Stock markets around the world fell on Thursday as investors faced the prospect of sustained high inflation and much higher borrowing costs to fight it.
The Toronto Stock Exchange fell nearly 600 points, or about three percent at noon, with each sector of Canada’s benchmark stock market falling during the day.
Shares of Ottawa-based e-commerce giant Shopify were down, losing 16% of their value during the day. The company, which is reported in US dollars, announced before the opening of the markets that it lost $ 1.5 billion in the first quarter. This is a reversal of profits of $ 1.3 billion in the same period a year ago.
At one point in the pandemic, Shopify was Canada’s most valuable company worth more than $ 200 billion. Today it costs about a quarter of this peak.
The sell-off was worse in New York, with the Dow Jones Industrial Average down 1,100 points or more than 3% and the tech Nasdaq performing worst of all, at 600 points or more than 5%.
Technology stocks are most affected
Former high-tech stocks such as Apple, Microsoft, Amazon, Google and Tesla fell between four and seven percent during the day.
The gloom came after the US Federal Reserve’s decision to raise its interest rate on Wednesday, its biggest one-time rise in 22 years.

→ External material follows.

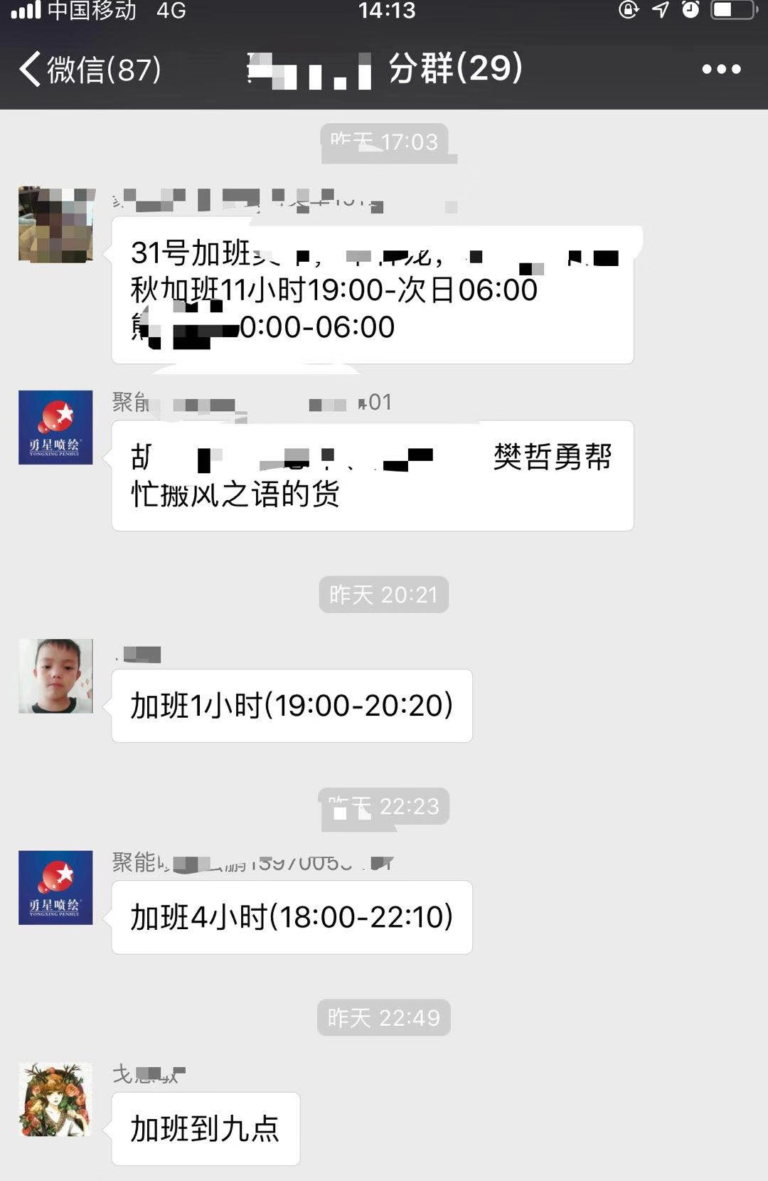 下麵我也把我們這個平常每天公司的這個加班的一些情況,包括他們加班的一些時間段,我也在我們群裏麵也截了個圖。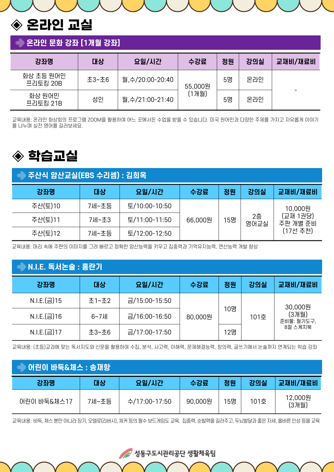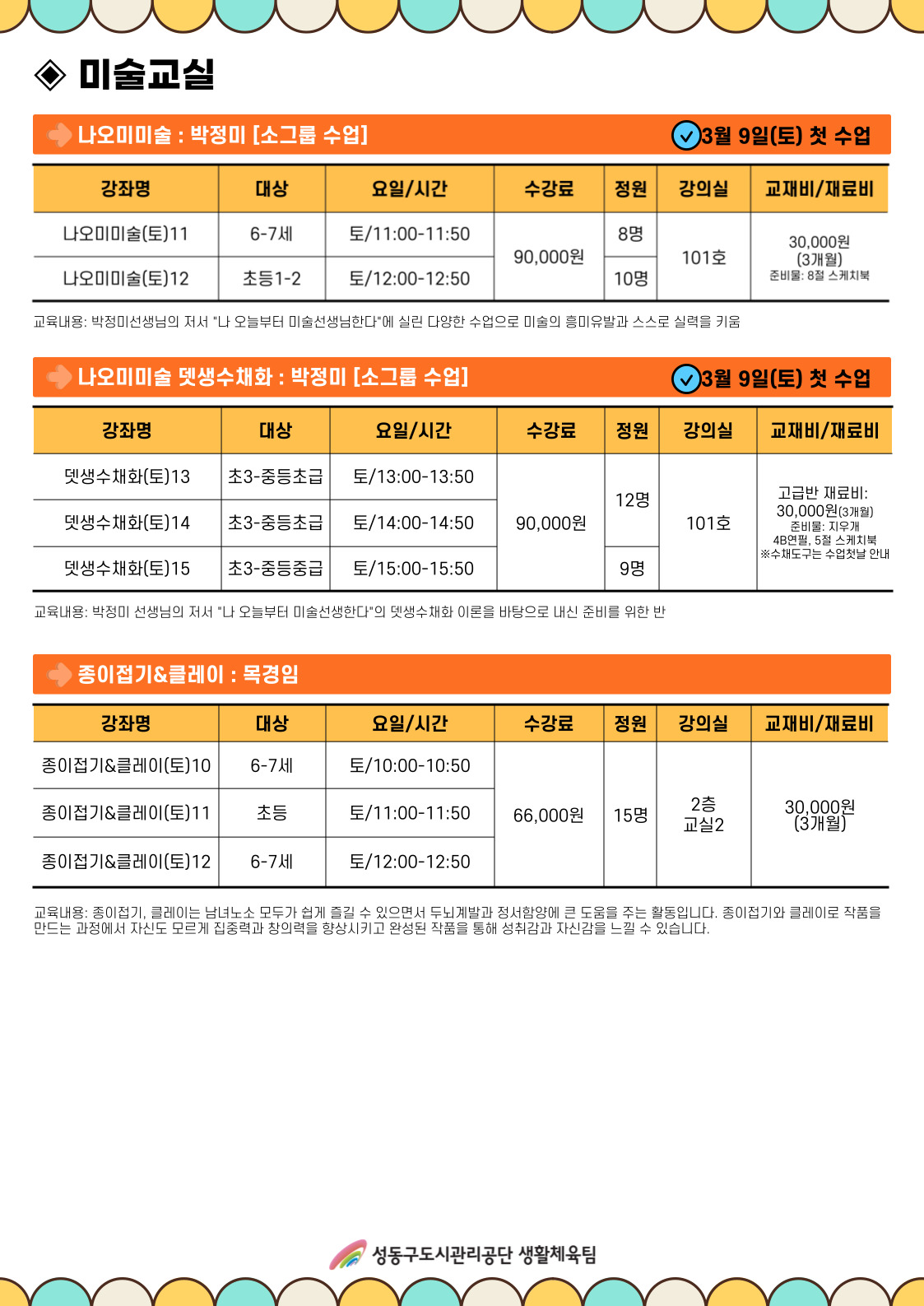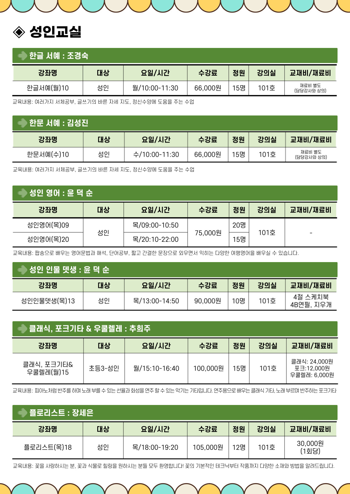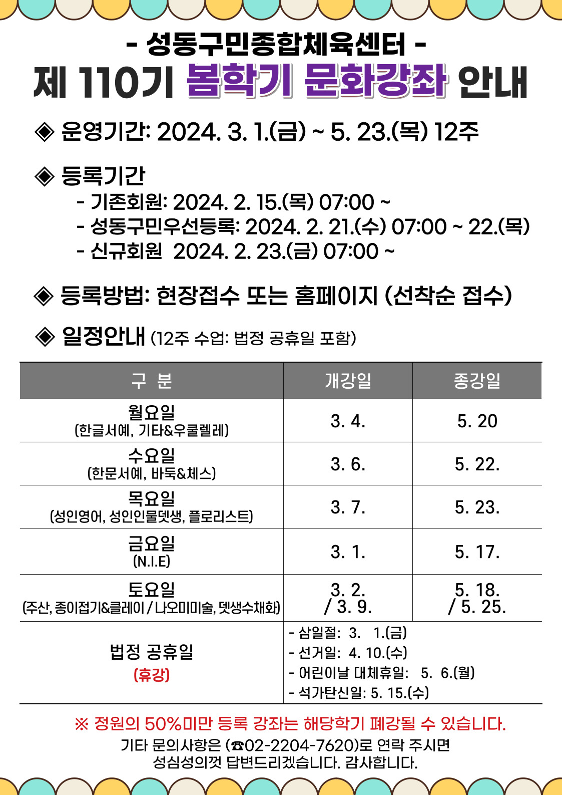 [성동구민종합체육센터] 제110기 봄학기 문화강좌 안내 작성자 관리자 등록일자 2024년 1월 31일 16시 22분 15초 조회 676 001.jpg [ Size : 341.01KB , Down : 428 ] 미리보기 다운로드 002.jpg [ Size : 389.17KB , Down : 425 ] 미리보기 다운로드 003.jpg [ Size : 362.36KB , Down : 424 ] 미리보기 다운로드 004.jpg [ Size : 336.64KB , Down : 432 ] 미리보기 다운로드 목록보기

This will increase the price of loans, which is bad news for companies and equity investors who want to buy them. The Bank of England also raised interest rates on loans on Thursday, warning of impending “stagflation” as the economy copes with high inflation but slow growth.
John Zechner, chairman of Toronto-based investment firm J Zechner Associates, says the sell-off is happening because investors are realizing that interest rates on loans will have to be much more expensive and fast to keep inflation under control.
“The blow is receding,” he said in an interview Friday. “Free money has supported this bullish market effectively for the last 12 years, and we are probably seeing the most aggressive move away from free money we’ve seen in over 20 years.”
“The only way to curb inflation is to try to slow growth or tighten the economy a little,” Zehner said, “and one of the victims is the stock market.”
The value of bitcoin, which is trumpeted as a hedge against inflation, fell along with everything else, losing $ 3,000 to change hands under $ 37,000 US. This is the lowest point for the largest cryptocurrency in the world since January.